From Thursday's Globe and Mail

When You’re Strange

  • Written and directed by Tom DiCillo
  • Starring Jim Morrison, Robbie Krieger, Ray Manzarek, John Densmore
  • Narrated by Johnny Depp
  • Classification: NA

Like most reportage on the Doors, When You’re Strange has a crush on the singer. It’s too fawning and fluttery by half. Still, Tom DiCillo’s documentary is the place to start if you hope to understand Mr. Mojo Risin’ – Jim Morrison’s proud anagram and rallying cry.

The movie is only interested in Morrison, which is unfortunate, because the band was at least half the Doors. Certainly the group gives DiCillo’s film its juice. The documentary is a mish-mash of 1960s press conferences, studio sessions, TV and concert footage. But what mish. What mash. Like the best rock bands, the Doors were expert thieves, as they prove here in Break on Through, a blistering blues that ransacks bossa nova, Ray Charles’s What’d I Say and Paul Butterfield’s Shake Your Money-Maker to thrilling effect.

Break on Through, Light My Fire, Roadhouse Blues – the blues-jazz-soul riffs keep on coming, making When You’re Strange a welcome reminder how vital mongrel rock ’n’ roll can be.

The rest of the Doors weren’t strange or sexy. That was Morrison’s job. His father was the Navy admiral who commanded the U.S. fleet during the Gulf of Tonkin incident, a 1964 provocation that caused the Vietnam War to escalate. Son Jim wanted a bigger bang. He hoped to kick start a second American Revolution, leading flower children back to the wilderness and teaching them to “dance on fire.”
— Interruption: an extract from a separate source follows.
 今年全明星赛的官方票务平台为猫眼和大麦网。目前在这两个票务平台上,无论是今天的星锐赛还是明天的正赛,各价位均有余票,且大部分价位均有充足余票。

To that end, he performed his own version of Oedipus Rex during the song, The End, threatening to kill his father.

None of this would’ve mattered if Morrison looked like Bob (the Bear) Hite, slob singer of another worthy Los Angeles blues band, Canned Heat. But Morrison was beautiful, wrote Beat-inspired poetry and wore tight leather pants.

He became a celebrity – a shooting star – real fast. The Doors rehearsed in organist Ray Manzarek’s family’s garage. Morrison sent everyone home to write one weekend. Guitarist Robbie Krieger returned with his first song, Light My Fire, a hit within months. Soon the Doors were on The Ed Sullivan Show.
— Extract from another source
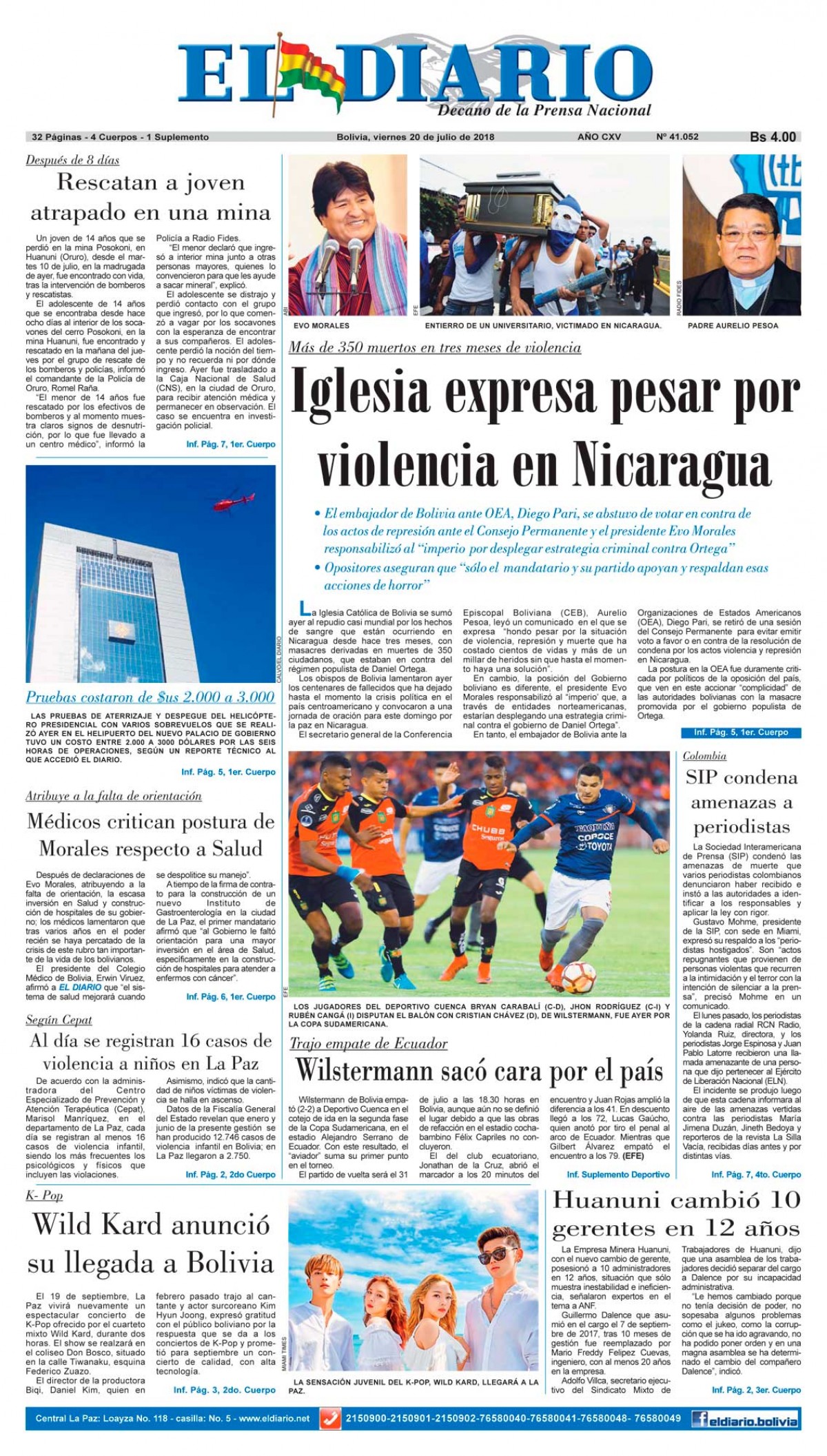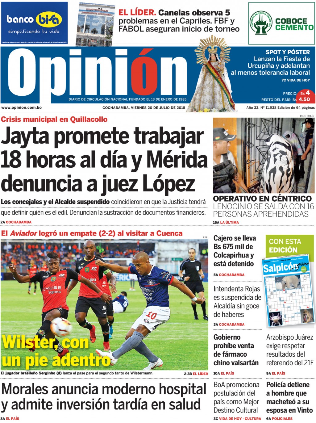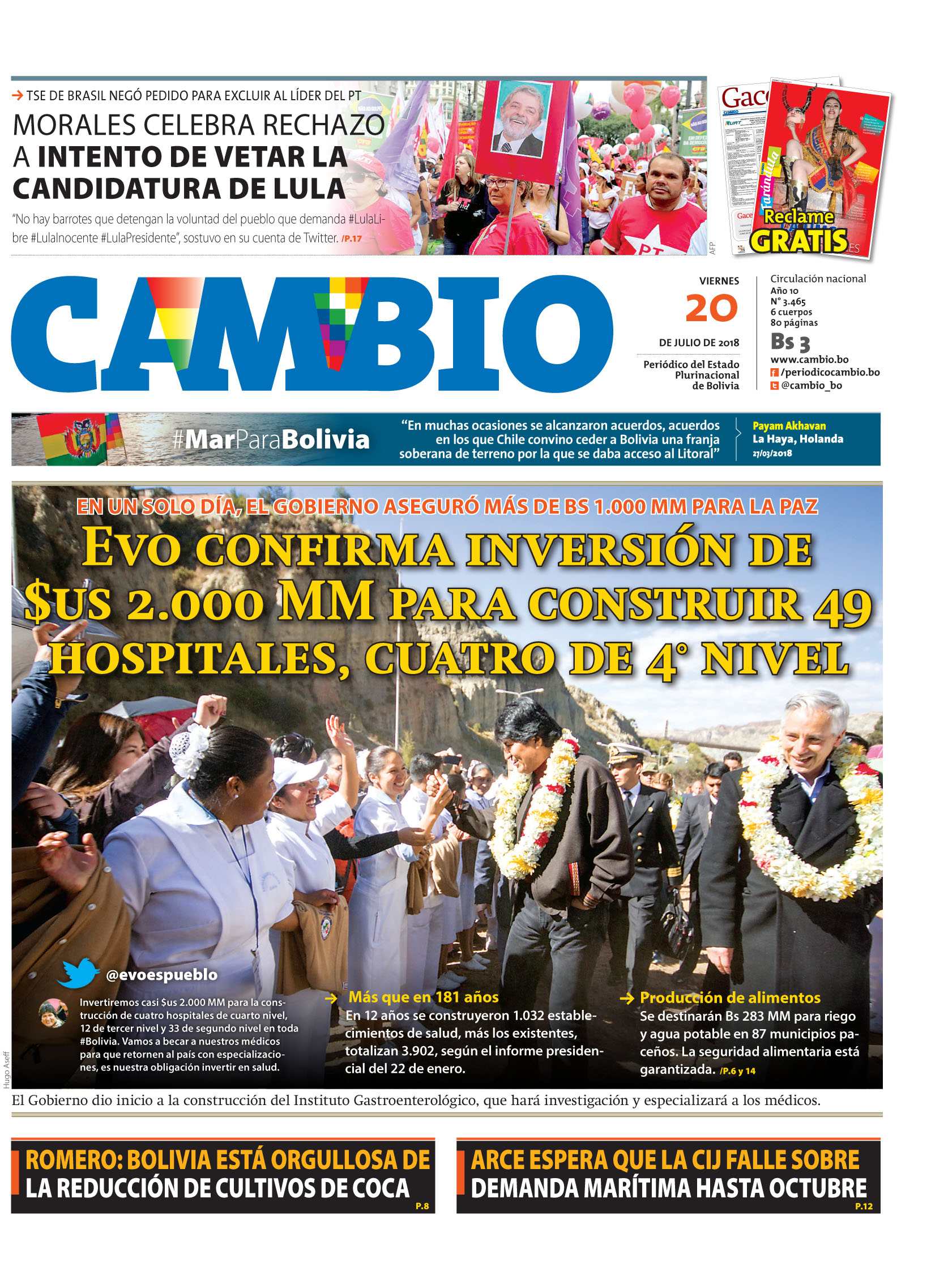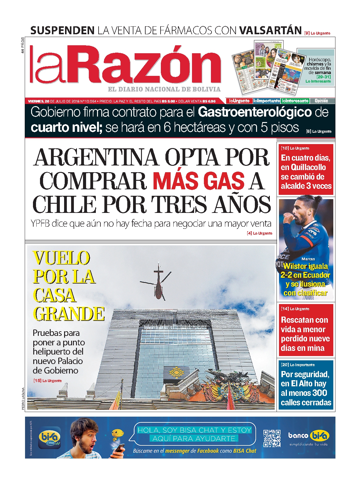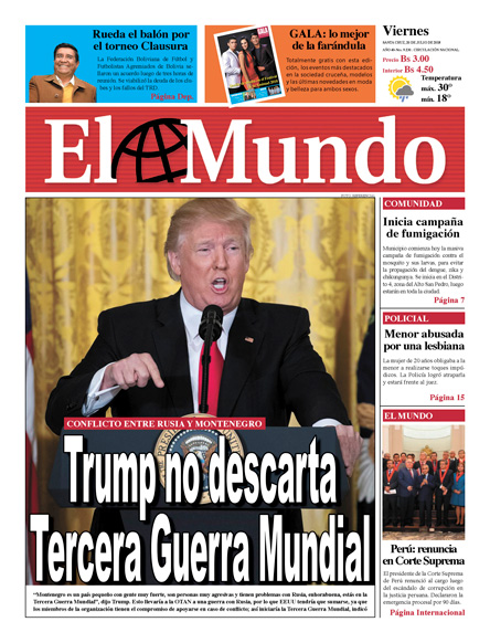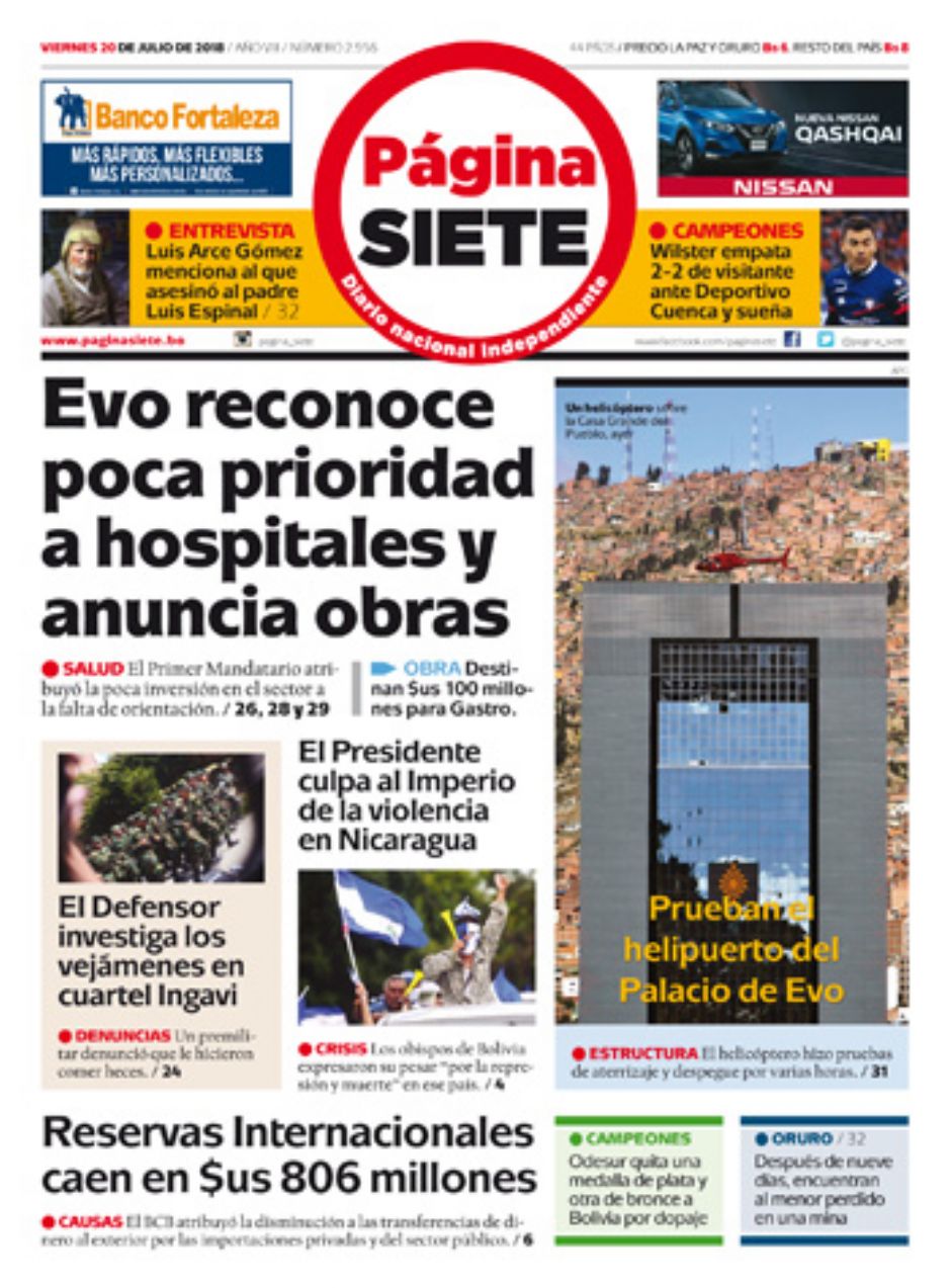 Portadas de periódicos de Bolivia del viernes 20 de julio de 2018

But fame wasn’t all Morrison craved. “We want the world and we want it now,” he sang. When that didn’t happen, when it appeared revolution was something neither his band or fans wanted, he turned on everyone. In When You’re Strange’s 20-minute set piece, a riveting reconstruction of the band’s infamous 1969 Miami bust, Morrison tries to expose himself. At one point, we hear him yelling at the crowd, “You’re all a bunch of sheep.”

The Doors in a publicity image from When You're Strange.

The Doors in a publicity image from When You're Strange.

He was drinking too much and doing whatever drugs were on the table. “The road of excess leads to the palace of wisdom,” Morrison was fond of saying, quoting William Blake. For Morrison, the road led to a Paris bathtub, where he died of a heart attack at age 27, in 1971.

When You’re Strange is narrated by a solemn Johnny Depp and includes too much sixties sermonizing. As mentioned, the movie occasionally goes soft on Morrison, staring dumbstruck at its hero. But the music is great. And the documentary captures the Doors’ meteoric rise and murky collapse with dramatic authority.

The film is sure to inspire more treks to Morrison’s Paris grave. There, worshippers will find flowers and a tablet with a Greek inscription reading, “True to his own genius.” It’s an attempt at reconciliation placed there in 1990 by Admiral Morrison, the father Jim Morrison wanted killed.